It is for that reason that I begin my reflections with a single syllable at the heart of Romans 3. Indeed, in this case it is a single letter in Greek, the letter e, eta. In 3.29–30 Paul writes e Ioudaion ho theos monon? ouchi kai ethnon? nai kai ethnon, eiper heis ho theos hos dikaiosei peritomen ek pisteos kai akrobustian dia tes pisteos. That opening single letter, e, translates into a single syllable in English, this time with two letters: Or is God the God of the Jews only? Is he not God of Gentiles also? Yes, of Gentiles also, since God is one, and will justify circumcision on the ground of faith and uncircumcision through faith. It would be interesting to study the various translations and commentaries and see what different traditions have done with that opening e, that connecting ‘or’. Sadly, Tyndale himself, followed by the King James version, omits it altogether. Several of the classic commentaries find it very puzzling. Paul has been talking about how sinners are justified by faith alone, apart from works of the law; why does he suddenly shift here to an apparently different topic, that of the equality before God of Jews and Gentiles? Some, indeed, have expounded the passage as though verses 29–30 did not exist, as though the paragraph stopped with verse 28. But Paul has written e; the Holy Spirit has inspired that single syllable, that single letter; and are we going to ignore it?
The answer, of course, is that for Paul there is an intimate connection between God’s free justification of sinners through the death of Jesus and on the basis of faith, on the one hand, and God’s creation, on the other hand, of a new family composed of Jews and Gentiles alike. We can well understand that the Reformers themselves, faced with the urgent challenge of a deeply corrupt Roman Catholicism, rightly wanted to emphasize the first rather than the second. But in sharing their formal principle of sola scriptura we are bound to highlight what is there in the text, syllable by syllable, even if they did not. And for Paul that little e is a crucial, tell-tale indication of where his actual argument is going. Its point is simply this: that if God were to justify people on any other ground than faith, then he would after all be God of the Jews only, and not of Gentiles also. And unless we are prepared to think through why that is so, and to grasp the fact that this is where the whole paragraph is going – in other words, unless we see that Romans 3.21–31 as it stands, syllable by syllable, in the text of inspired scripture, is driving towards this point, which is then massively supported by the whole of chapter 4, and that this point is not a side-issue, an ‘extra implication’ of a gospel which is about something quite different – then the formal principle of all reformation-inspired theology has been sacrificed on the altar of our own traditions.
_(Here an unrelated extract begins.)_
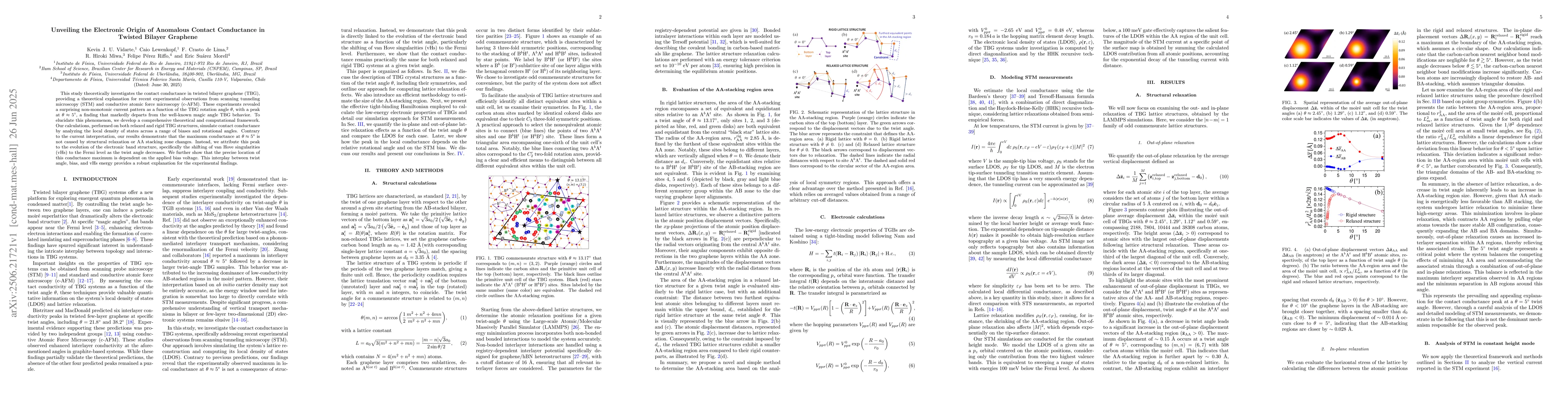 This study theoretically investigates the contact conductance in twisted bilayer graphene (TBG), providing a theoretical explanation for recent experimental observations from scanning tunneling microscopy (STM) and conductive atomic force microscopy (c-AFM). These experiments revealed a surprising non-monotonic current pattern as a function of the TBG rotation angle $\theta$, with a peak at $\theta \approx 5^\circ$, a finding that markedly departs from the well-known magic angle TBG behavior. To elucidate this phenomenon, we develop a comprehensive theoretical and computational framework. Our calculations, performed on both relaxed and rigid TBG structures, simulate contact conductance by analyzing the local density of states across a range of biases and rotational angles. Contrary to the current interpretation, our results demonstrate that the maximum conductance at $\theta \approx 5^{\rm o}$ is not caused by structural relaxation or AA stacking zone changes. Instead, we attribute this peak to the evolution of the electronic band structure, specifically the shifting of van Hove singularities (vHs) to the Fermi level as the twist angle decreases. We further show that the precise location of this conductance maximum is dependent on the applied bias voltage. This interplay between twist angle, bias, and vHs energy provides a robust explanation for the experimental findings.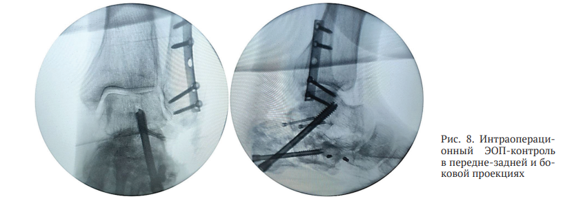 После изготовления индивидуального резекционного блока пациенту выполнено оперативное вмешательство с применением разработанного нами метода, в ходе которого достигнута планируемая коррекция деформации (рис. 8). Учитывая выраженное натяжение ахиллова сухожилия после репозиции костных фрагментов, пациенту осуществлена чрескожная ахиллотомия по Вульпиусу, в результате чего удалось достичь практически полного восстановления объема движений в левом голеностопном суставе.

Let’s take another example. In Galatians 2.16 we have another single-syllable word, this time of two letters: the little connective de, normally meaning a gentle ‘but’ or ‘yet’. Listen to what Paul writes, starting a verse earlier: We are Jews by birth, not Gentile sinners; yet we know that a person is not justified by works of the Law, but through the faith of Jesus the Messiah (let’s leave that question open for the moment; whether it means ‘faith in’ or ‘the faithfulness of’ does not affect my present point). What is the point of that ‘yet’, that single syllable which as a good heir of the Reformation I am determined not to alter against my conscience, even though sadly once again both Tyndale and the King James version omit it? The sentence itself, never mind the wider context, gives the clear answer: to be ‘justified by works of the Law’ would mean a status of privilege for Jews over against Gentiles. The wider context explains that this is indeed what Paul is talking about: he is not offering a theory of salvation, nor yet an ordo salutis per se, but rather a bold and frank statement, in relation to the behaviour of Peter, Barnabas and the others at Antioch, of why it is that Jewish Christians and Gentile Christians, not least uncircumcised Gentile Christians, belong at the same table. Galatians 2.16 is the first time in Paul’s writings he mentions justification by faith, and he does so in order to insist that all those who believe in Jesus the Messiah are equally members of God’s family. The question which dominates the whole letter from this point on is: who are the true children of Abraham, the single family whom God promised to him? And the answer is: all those who believe in Jesus the Messiah, whose faith is the only badge of membership that counts. All of this flows from taking seriously that little syllable de in 2.16.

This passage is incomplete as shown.